-
PR 2039186: VMware vSphere Virtual Volumes metadata might not be updated with associated virtual machines and make virtual disk containers untraceable
vSphere Virtual Volumes set with
VMW_VVolTypemetadata keyOtherandVMW_VVolTypeHintmetadata keySidecarmight not getVMW_VmIDmetadata key to the associated virtual machines and cannot be tracked by using IDs.This issue is resolved in this release.
-
PR 2119610: Migration of a virtual machine with a Filesystem Device Switch (FDS) on a vSphere Virtual Volumes datastore by using VMware vSphere vMotion might cause multiple issues
If you use vSphere vMotion to migrate a virtual machine with file device filters from a vSphere Virtual Volumes datastore to another host, and the virtual machine has either of the Changed Block Tracking (CBT), VMware vSphere Flash Read Cache (VFRC) or I/O filters enabled, the migration might cause issues with any of the features. During the migration, the file device filters might not be correctly transferred to the host. As a result, you might see corrupted incremental backups in CBT, performance degradation of VFRC and cache I/O filters, corrupted replication I/O filters, and disk corruption, when cache I/O filters are configured in write-back mode. You might also see issues with the virtual machine encryption.

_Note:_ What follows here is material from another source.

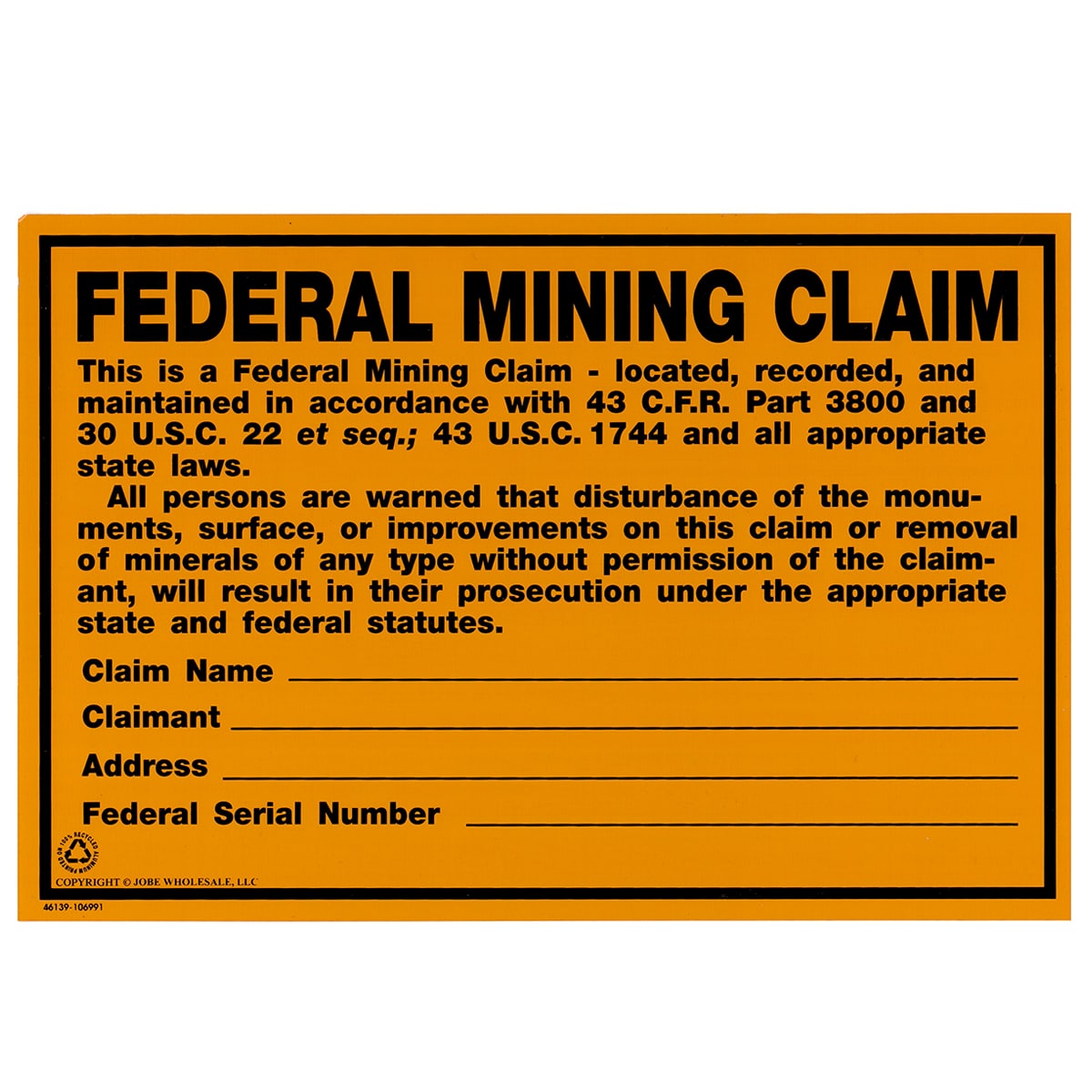 Federal Mining Claim Sign To Protect Your Mining Claims

Тhis issue is resolved in this release.
-
PR 2145089: vSphere Virtual Volumes might become unresponsive if an API for Storage Awareness (VASA) provider loses binding information from the database
vSphere Virtual Volumes might become unresponsive due to an infinite loop that loads CPUs at 100% if a VASA provider loses binding information from the database. Hostd might also stop responding. You might see a fatal error message.

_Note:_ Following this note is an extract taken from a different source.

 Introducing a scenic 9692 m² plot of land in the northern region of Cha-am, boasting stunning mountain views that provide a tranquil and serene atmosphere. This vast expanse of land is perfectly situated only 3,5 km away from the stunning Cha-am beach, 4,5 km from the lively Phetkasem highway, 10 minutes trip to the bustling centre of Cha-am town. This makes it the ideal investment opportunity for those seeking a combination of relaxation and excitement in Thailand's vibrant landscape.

This issue is resolved in this release. This fix prevents infinite loops in case of database binding failures.
-
PR 2146206: vSphere Virtual Volumes metadata might not be available to storage array vendor software
vSphere Virtual Volumes metadata might be available only when a virtual machine starts running. As result, storage array vendor software might fail to apply policies that impact the optimal layout of volumes during regular use and after a failover.
This issue is resolved in this release. This fix makes vSphere Virtual Volumes metadata available at the time vSphere Virtual Volumes are configured, not when a virtual machine starts running.